Users have been advised to update as soon possible.

Apr 3, 2015 16:08 GMT  ·  By

Canonical has published details in a security notice about a number of GnuPG vulnerabilities that have been found and fixed in Ubuntu 14.10, Ubuntu 14.04 LTS, Ubuntu 12.04 LTS, and Ubuntu 10.04 LTS operating systems.

The Ubuntu maintainers have uploaded a new version of the repositories that corrects a few security problems that have been identified by the developer of GNU privacy guard.

According to the security notice, "Hanno Böck discovered that GnuPG incorrectly handled certain malformed keyrings. If a user or automated system were tricked into opening a malformed keyring, a remote attacker could use this issue to cause GnuPG to crash, resulting in a denial of service, or possibly execute arbitrarily code."
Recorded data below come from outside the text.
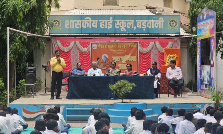 जय जोहार इंडिया TV न्यूज, बड़वानी 10 जुलाई 2025/लोक शिक्षण संचालनालय, भोपाल के निर्देशानुसार शासकीय पीएमश्री हाई स्कूल बड़वानी में 09 एवं 10 जुलाई 2025 को गुरु पूर्णिमा उत्सव गरिमामय वातावरण में उत्साहपूर्वक मनाया गया।
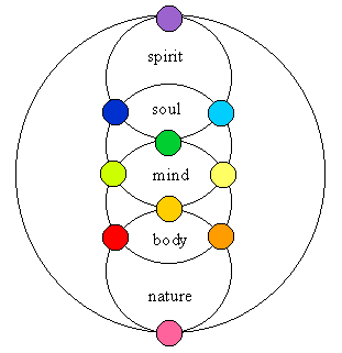 A fourth parallel to the life-of-Christ pattern is found in the Kabbalah Tree of Life. Sometimes this “Tree” is shown as four interpenetrating circles contained within a larger, all-embracing circle. The Tree is said to span four “worlds,” as shown in Figure I-5. The world of spirit overlaps the world of soul; the world of the soul the world of mind; and the world of mind the realm of nature and the physical body, thus forming five areas and seven levels.
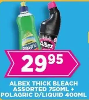 This special is available in various stores, view all products to get the cheapest Albex thick bleach assorted + polagric diswashing liquid. If you'd like to find out whether this product has a bigger discount in another store, check the category 'Grocery stores'. You may also find these specials interesting: ALBEX THICK BLEACH, W.LAB DISHWASH LIQUID OR THICK BLEACH & Albex thin bleach.
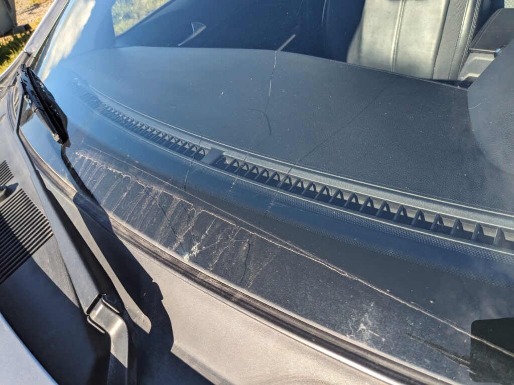 On avance un peu, dans le rétroviseur, la voiture derrière est coincée. À présent, on entend un bruit de pièce détachée qui provient de sous la voiture… On regarde vite fait, par peur de rester sur cette route et de prendre un caillou d’une voiture qui nous dépasserait, on trouve rien. Je me rappelle un commentaire sur Blue rent a Car disant que la voiture faisait un bruit bizarre, mais que finalement c’était un caillou, je prie pour que ce soit ça.
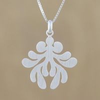 Brushed-Satin Sterling Silver Pendant Necklace from Thailand 'Symmetric Fern' Item ID: 2671800660
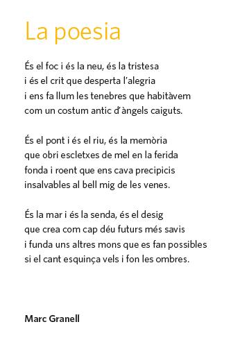 Enguany l’autor és en Marc Granell (València, 1953) un poeta i traductor consagrat i que ens ha regalat un poema titulat «La poesia»
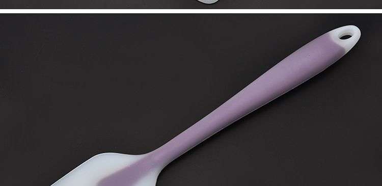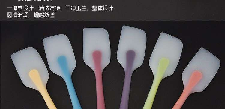 【說明】刮刀全身無縫隙無死角,容易清洗,不易滋生細菌,手柄外部是硅膠材質,內部包裹不銹鋼柄不易折彎,耐用。硅膠材質為可耐230度高溫,可在加熱過程中攪拌使用不會老化變硬。硅膠料符合美國FDA質量,無毒環保,耐溫-40℃到+230℃,無接縫,容易清洗一體刮刀,耐高溫220度,無接縫,容易清洗,不容易有死角。手感彈性非常好,用起來非常舒服的刮刀!
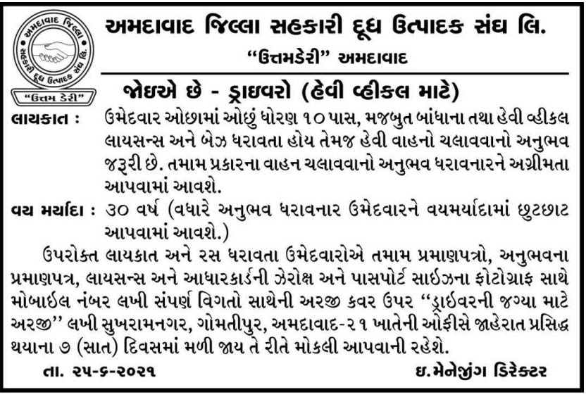 Ahmedabad District Co - operative Milk Producers Union Limited (Uttam Dairy Ahmedabad) Recruitment for Driver (heavy vehicle) Post 2021. You can find other details like age limit, educational qualification, selection process, application fee, and how to apply are given below. Keep checking Ojas Adda regularly to get the latest updates.

This is just one of the issues found. For a more detailed description of the problems, you can see Canonical's security notification. Users should upgrade their Linux distribution in order to correct this issue.
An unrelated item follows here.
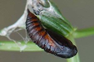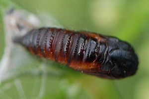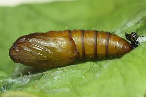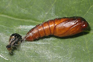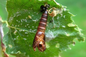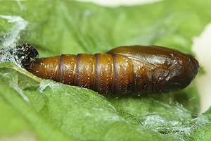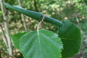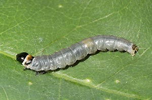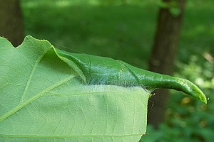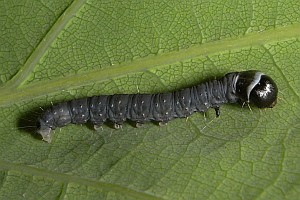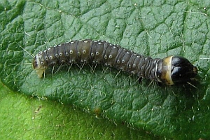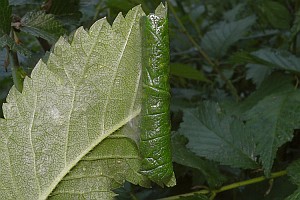 Oben gezeigte Raupenfunde betreffen Stieleiche (Quercus robur), Feld-Ulme (Ulmus minor), Faulbaum (Frangula alnus), Mispel (Mespilus germanica), Schlehe (Prunus spinosa), Goldregen (Laburnum anagyroides), (Betula sp.) und Linde (Tilia sp.).
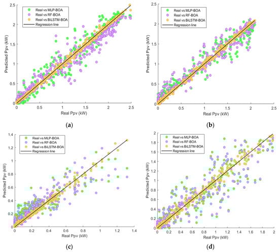 In the case of the hybrid model (SVR-CSO) of reference [35], the reported prediction errors are larger compared with the model proposed in this work. Finally, the hybrid model (GWO-GRNN) of reference [37] shows a lower nMAE value than that obtained by the BiLSTM-BOA model, although the R2 value of the latter is much higher. It should be noted that reference [37] normalizes its errors with respect to the nominal capacity of the plant, while in this work the normalization is performed with respect to the maximum value recorded in each test set. However, the normalization with respect to the nominal capacity of the plant is not recommended when the actual Ppv values are far from the nominal value since an underestimation of the prediction errors can be obtained.

The flaw can be fixed if you upgrade your system(s) to the latest gnupg2 and GnuPG packages specific to each distribution. To apply the patch, users can simply run the Update Manager application.

If you don't want to use the Software Updater, you can open a terminal and enter the following commands (you will need to be root):

[CODE=0]sudo apt-get update sudo apt-get dist-upgrade[CODE=1]

In general, a standard system update will make all the necessary changes and rebooting is not necessary.